WHAT TO PRODUCE: No pictures in the copy. Write out the listing below exactly.

STORED DATA:
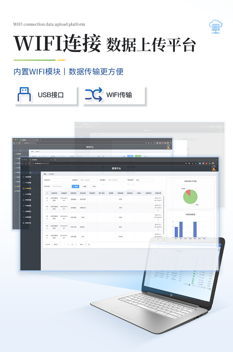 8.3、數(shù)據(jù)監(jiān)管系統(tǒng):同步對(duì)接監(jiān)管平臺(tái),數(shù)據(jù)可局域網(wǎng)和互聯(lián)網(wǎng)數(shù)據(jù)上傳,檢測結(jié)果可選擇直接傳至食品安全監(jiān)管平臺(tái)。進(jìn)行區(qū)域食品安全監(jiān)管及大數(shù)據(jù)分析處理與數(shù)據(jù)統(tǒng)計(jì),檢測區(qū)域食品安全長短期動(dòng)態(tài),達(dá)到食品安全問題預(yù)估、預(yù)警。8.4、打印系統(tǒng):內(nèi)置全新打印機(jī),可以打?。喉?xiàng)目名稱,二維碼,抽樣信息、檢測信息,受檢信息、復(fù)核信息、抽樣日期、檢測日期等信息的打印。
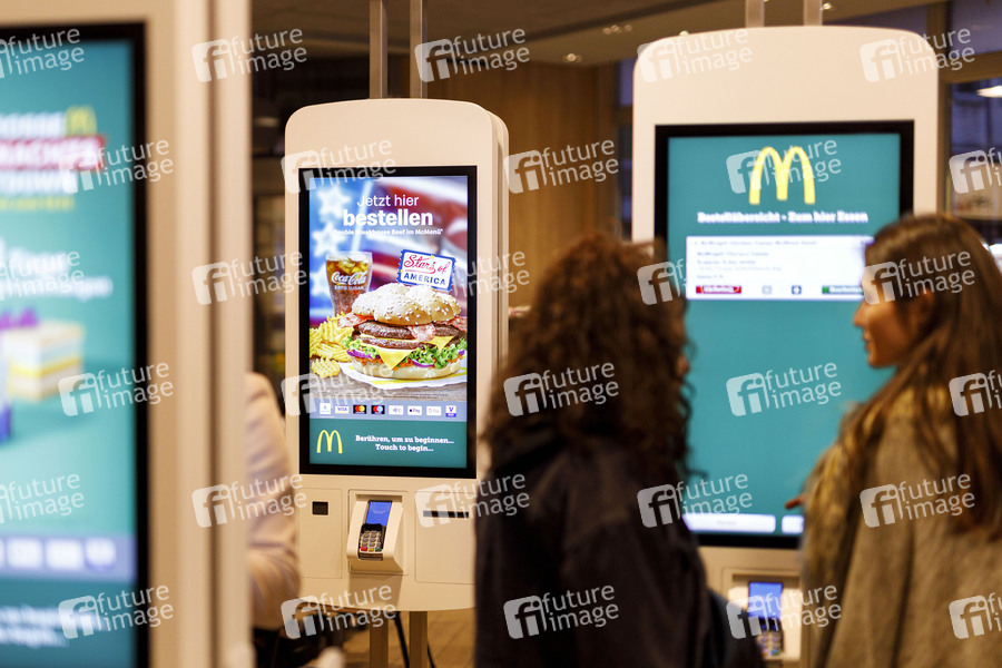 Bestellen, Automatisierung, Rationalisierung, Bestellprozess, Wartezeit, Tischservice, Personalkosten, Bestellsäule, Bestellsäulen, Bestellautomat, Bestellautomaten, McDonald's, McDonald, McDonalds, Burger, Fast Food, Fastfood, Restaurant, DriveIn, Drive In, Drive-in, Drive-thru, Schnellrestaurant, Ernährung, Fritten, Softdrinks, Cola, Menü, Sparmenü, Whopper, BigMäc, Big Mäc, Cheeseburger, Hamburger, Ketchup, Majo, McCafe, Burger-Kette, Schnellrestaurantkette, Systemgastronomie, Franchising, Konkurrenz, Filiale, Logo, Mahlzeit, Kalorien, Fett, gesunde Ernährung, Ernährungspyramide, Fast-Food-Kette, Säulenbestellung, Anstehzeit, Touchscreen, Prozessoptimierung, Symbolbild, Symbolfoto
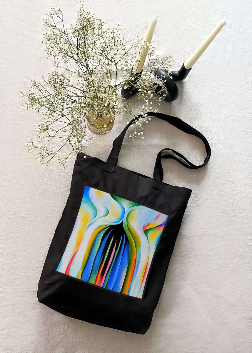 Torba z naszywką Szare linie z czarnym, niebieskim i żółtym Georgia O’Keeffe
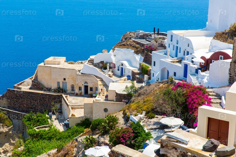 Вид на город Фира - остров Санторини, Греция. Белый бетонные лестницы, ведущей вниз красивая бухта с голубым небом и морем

TASK RESPONSE:
 8.3、數(shù)據(jù)監(jiān)管系統(tǒng):同步對(duì)接監(jiān)管平臺(tái),數(shù)據(jù)可局域網(wǎng)和互聯(lián)網(wǎng)數(shù)據(jù)上傳,檢測結(jié)果可選擇直接傳至食品安全監(jiān)管平臺(tái)。進(jìn)行區(qū)域食品安全監(jiān)管及大數(shù)據(jù)分析處理與數(shù)據(jù)統(tǒng)計(jì),檢測區(qū)域食品安全長短期動(dòng)態(tài),達(dá)到食品安全問題預(yù)估、預(yù)警。8.4、打印系統(tǒng):內(nèi)置全新打印機(jī),可以打?。喉?xiàng)目名稱,二維碼,抽樣信息、檢測信息,受檢信息、復(fù)核信息、抽樣日期、檢測日期等信息的打印。
 Bestellen, Automatisierung, Rationalisierung, Bestellprozess, Wartezeit, Tischservice, Personalkosten, Bestellsäule, Bestellsäulen, Bestellautomat, Bestellautomaten, McDonald's, McDonald, McDonalds, Burger, Fast Food, Fastfood, Restaurant, DriveIn, Drive In, Drive-in, Drive-thru, Schnellrestaurant, Ernährung, Fritten, Softdrinks, Cola, Menü, Sparmenü, Whopper, BigMäc, Big Mäc, Cheeseburger, Hamburger, Ketchup, Majo, McCafe, Burger-Kette, Schnellrestaurantkette, Systemgastronomie, Franchising, Konkurrenz, Filiale, Logo, Mahlzeit, Kalorien, Fett, gesunde Ernährung, Ernährungspyramide, Fast-Food-Kette, Säulenbestellung, Anstehzeit, Touchscreen, Prozessoptimierung, Symbolbild, Symbolfoto
 Torba z naszywką Szare linie z czarnym, niebieskim i żółtym Georgia O’Keeffe
 Вид на город Фира - остров Санторини, Греция. Белый бетонные лестницы, ведущей вниз красивая бухта с голубым небом и морем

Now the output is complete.